■ **WHAT TO WORK ON**
Return the data below exactly, please, but drop the pictures.

■ **Items listed in a dataset**
/---

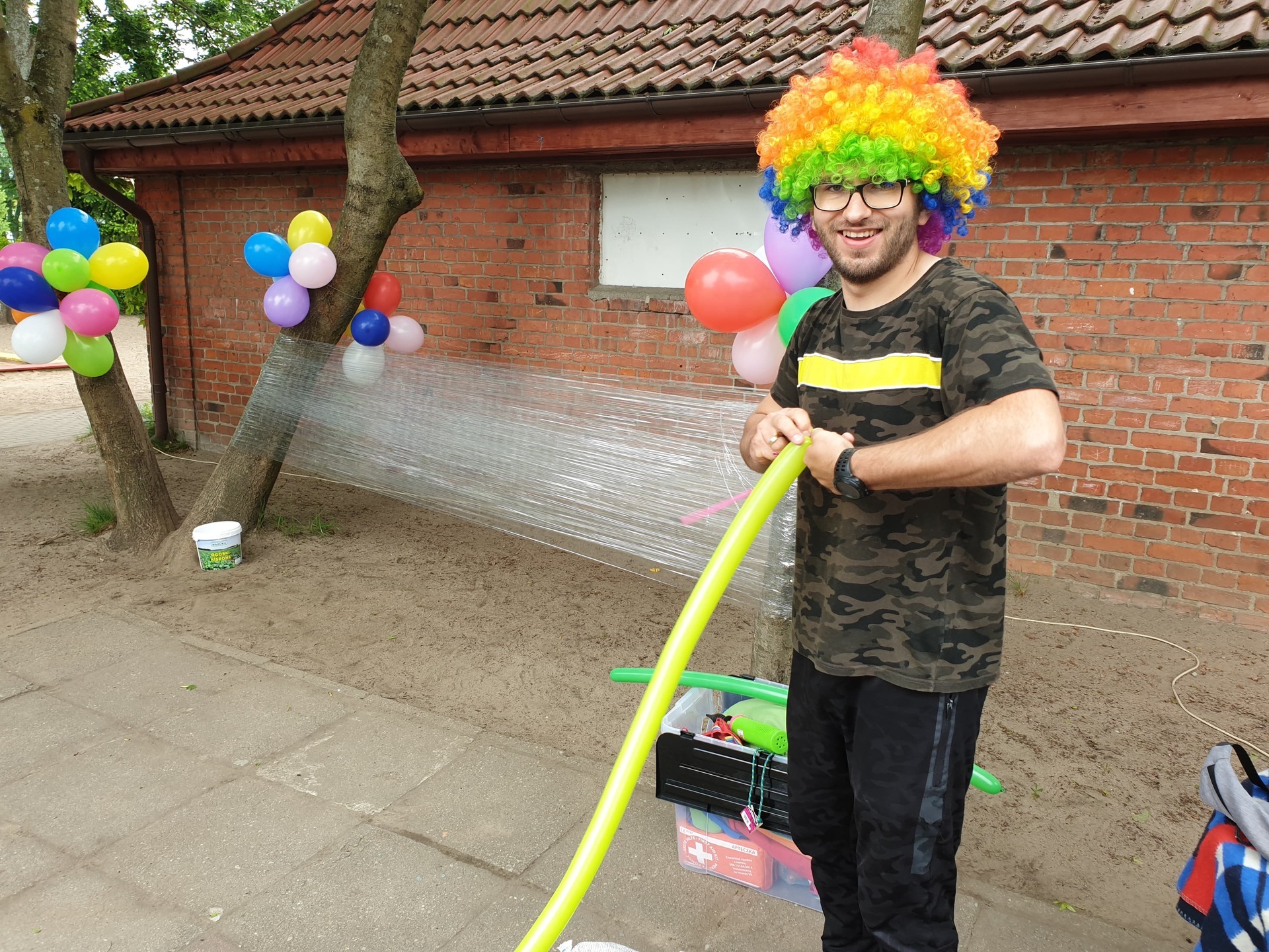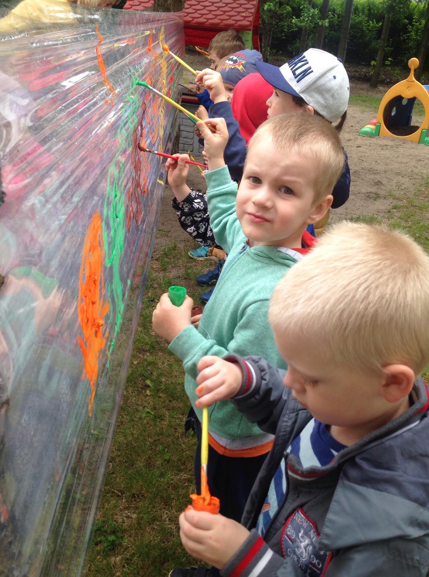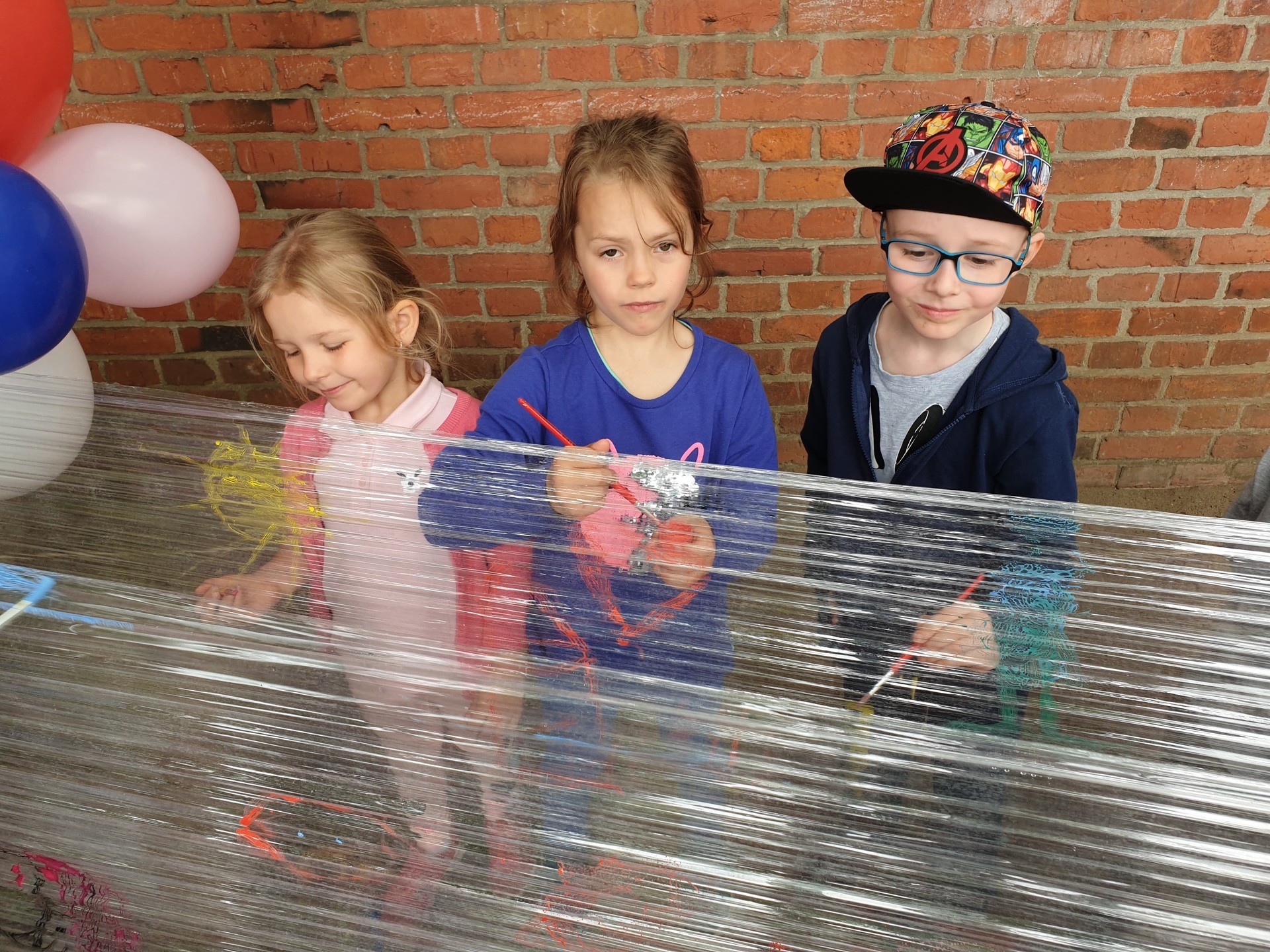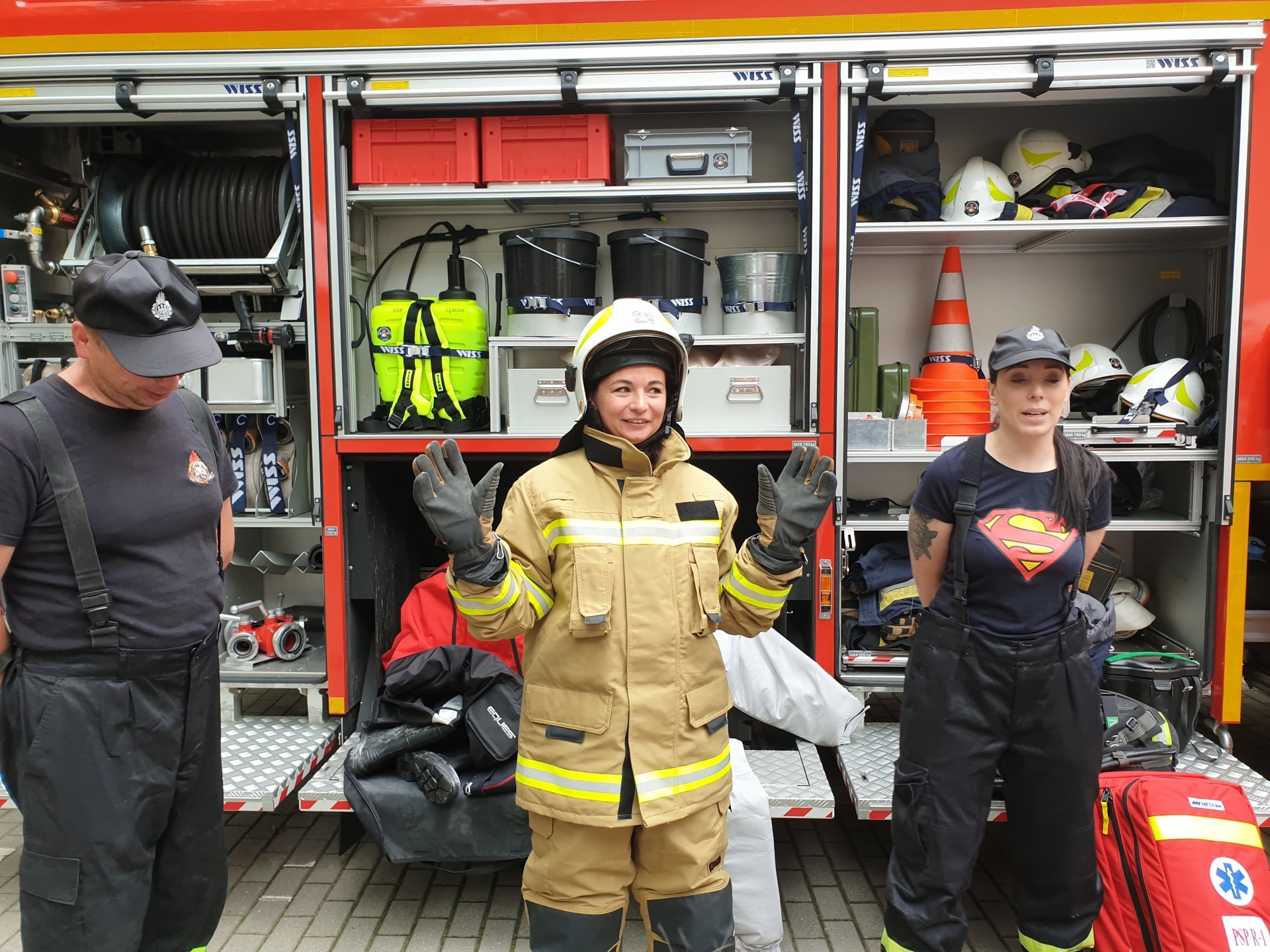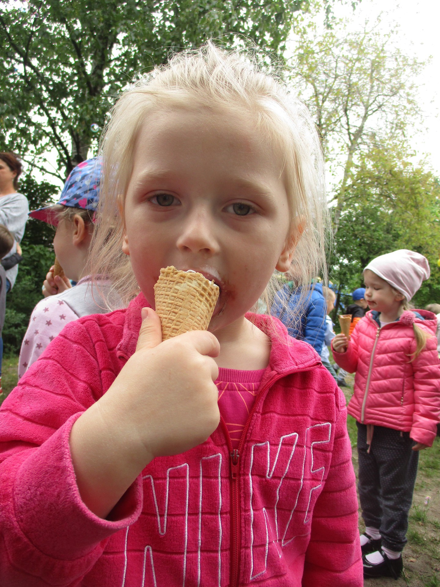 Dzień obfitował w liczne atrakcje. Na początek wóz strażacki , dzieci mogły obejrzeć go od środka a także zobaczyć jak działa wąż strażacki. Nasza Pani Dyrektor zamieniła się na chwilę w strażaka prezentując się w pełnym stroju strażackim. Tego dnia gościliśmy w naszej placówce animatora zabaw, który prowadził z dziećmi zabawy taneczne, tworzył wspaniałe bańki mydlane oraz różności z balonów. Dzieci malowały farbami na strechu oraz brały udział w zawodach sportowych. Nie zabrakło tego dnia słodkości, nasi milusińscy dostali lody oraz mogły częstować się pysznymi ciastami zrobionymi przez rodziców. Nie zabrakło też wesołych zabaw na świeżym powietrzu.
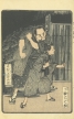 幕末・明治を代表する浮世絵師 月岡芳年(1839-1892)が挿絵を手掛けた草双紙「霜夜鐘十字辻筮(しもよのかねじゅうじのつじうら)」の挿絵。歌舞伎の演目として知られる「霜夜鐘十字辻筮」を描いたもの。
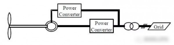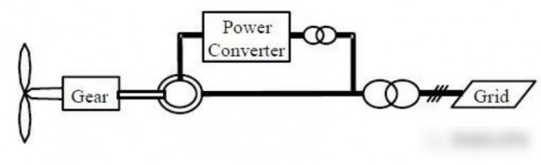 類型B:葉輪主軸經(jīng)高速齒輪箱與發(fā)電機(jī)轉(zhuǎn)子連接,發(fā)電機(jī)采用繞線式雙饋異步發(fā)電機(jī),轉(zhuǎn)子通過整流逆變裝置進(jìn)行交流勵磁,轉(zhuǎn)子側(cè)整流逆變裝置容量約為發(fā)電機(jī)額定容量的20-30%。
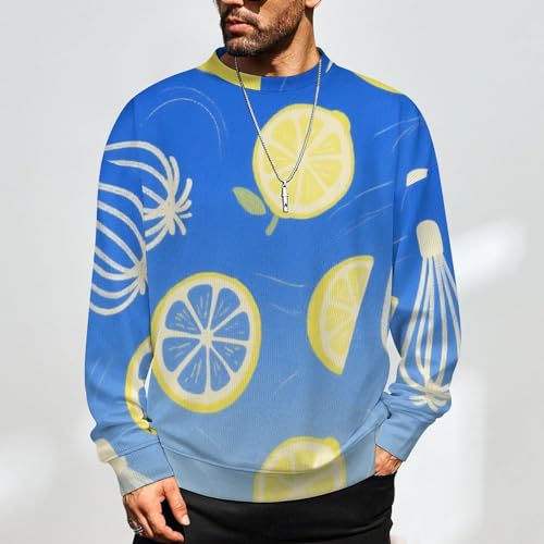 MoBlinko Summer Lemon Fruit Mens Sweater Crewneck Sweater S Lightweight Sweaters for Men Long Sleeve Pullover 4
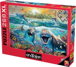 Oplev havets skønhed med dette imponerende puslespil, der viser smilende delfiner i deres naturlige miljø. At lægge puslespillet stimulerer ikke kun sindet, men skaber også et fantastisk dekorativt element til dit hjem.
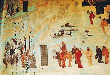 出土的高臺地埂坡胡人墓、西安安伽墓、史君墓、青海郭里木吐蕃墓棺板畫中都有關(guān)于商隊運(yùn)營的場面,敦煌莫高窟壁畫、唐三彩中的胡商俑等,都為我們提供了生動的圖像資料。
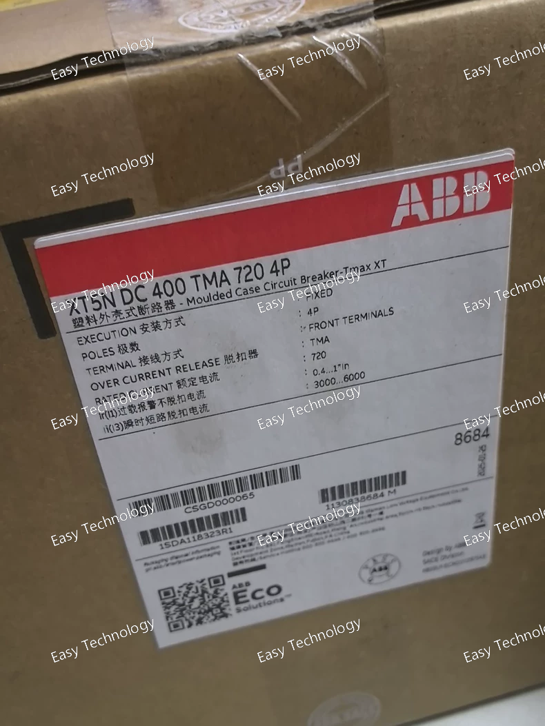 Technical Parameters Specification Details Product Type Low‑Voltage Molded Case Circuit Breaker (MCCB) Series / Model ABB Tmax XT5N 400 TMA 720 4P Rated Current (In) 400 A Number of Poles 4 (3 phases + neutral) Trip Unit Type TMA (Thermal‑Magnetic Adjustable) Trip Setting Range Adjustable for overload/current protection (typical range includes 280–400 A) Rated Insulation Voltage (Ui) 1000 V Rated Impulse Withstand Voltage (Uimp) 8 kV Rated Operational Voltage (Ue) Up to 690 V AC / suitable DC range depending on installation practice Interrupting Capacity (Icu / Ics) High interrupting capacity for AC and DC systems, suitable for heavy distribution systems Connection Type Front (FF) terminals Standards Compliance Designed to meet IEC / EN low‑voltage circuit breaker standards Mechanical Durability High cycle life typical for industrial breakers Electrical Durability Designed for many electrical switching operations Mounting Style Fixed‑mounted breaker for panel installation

\---

■ **THE COMPLETED TASK**
 Dzień obfitował w liczne atrakcje. Na początek wóz strażacki , dzieci mogły obejrzeć go od środka a także zobaczyć jak działa wąż strażacki. Nasza Pani Dyrektor zamieniła się na chwilę w strażaka prezentując się w pełnym stroju strażackim. Tego dnia gościliśmy w naszej placówce animatora zabaw, który prowadził z dziećmi zabawy taneczne, tworzył wspaniałe bańki mydlane oraz różności z balonów. Dzieci malowały farbami na strechu oraz brały udział w zawodach sportowych. Nie zabrakło tego dnia słodkości, nasi milusińscy dostali lody oraz mogły częstować się pysznymi ciastami zrobionymi przez rodziców. Nie zabrakło też wesołych zabaw na świeżym powietrzu.
 幕末・明治を代表する浮世絵師 月岡芳年(1839-1892)が挿絵を手掛けた草双紙「霜夜鐘十字辻筮(しもよのかねじゅうじのつじうら)」の挿絵。歌舞伎の演目として知られる「霜夜鐘十字辻筮」を描いたもの。
 類型B:葉輪主軸經(jīng)高速齒輪箱與發(fā)電機(jī)轉(zhuǎn)子連接,發(fā)電機(jī)采用繞線式雙饋異步發(fā)電機(jī),轉(zhuǎn)子通過整流逆變裝置進(jìn)行交流勵磁,轉(zhuǎn)子側(cè)整流逆變裝置容量約為發(fā)電機(jī)額定容量的20-30%。
 MoBlinko Summer Lemon Fruit Mens Sweater Crewneck Sweater S Lightweight Sweaters for Men Long Sleeve Pullover 4
 Oplev havets skønhed med dette imponerende puslespil, der viser smilende delfiner i deres naturlige miljø. At lægge puslespillet stimulerer ikke kun sindet, men skaber også et fantastisk dekorativt element til dit hjem.
 出土的高臺地埂坡胡人墓、西安安伽墓、史君墓、青海郭里木吐蕃墓棺板畫中都有關(guān)于商隊運(yùn)營的場面,敦煌莫高窟壁畫、唐三彩中的胡商俑等,都為我們提供了生動的圖像資料。
 Technical Parameters Specification Details Product Type Low‑Voltage Molded Case Circuit Breaker (MCCB) Series / Model ABB Tmax XT5N 400 TMA 720 4P Rated Current (In) 400 A Number of Poles 4 (3 phases + neutral) Trip Unit Type TMA (Thermal‑Magnetic Adjustable) Trip Setting Range Adjustable for overload/current protection (typical range includes 280–400 A) Rated Insulation Voltage (Ui) 1000 V Rated Impulse Withstand Voltage (Uimp) 8 kV Rated Operational Voltage (Ue) Up to 690 V AC / suitable DC range depending on installation practice Interrupting Capacity (Icu / Ics) High interrupting capacity for AC and DC systems, suitable for heavy distribution systems Connection Type Front (FF) terminals Standards Compliance Designed to meet IEC / EN low‑voltage circuit breaker standards Mechanical Durability High cycle life typical for industrial breakers Electrical Durability Designed for many electrical switching operations Mounting Style Fixed‑mounted breaker for panel installation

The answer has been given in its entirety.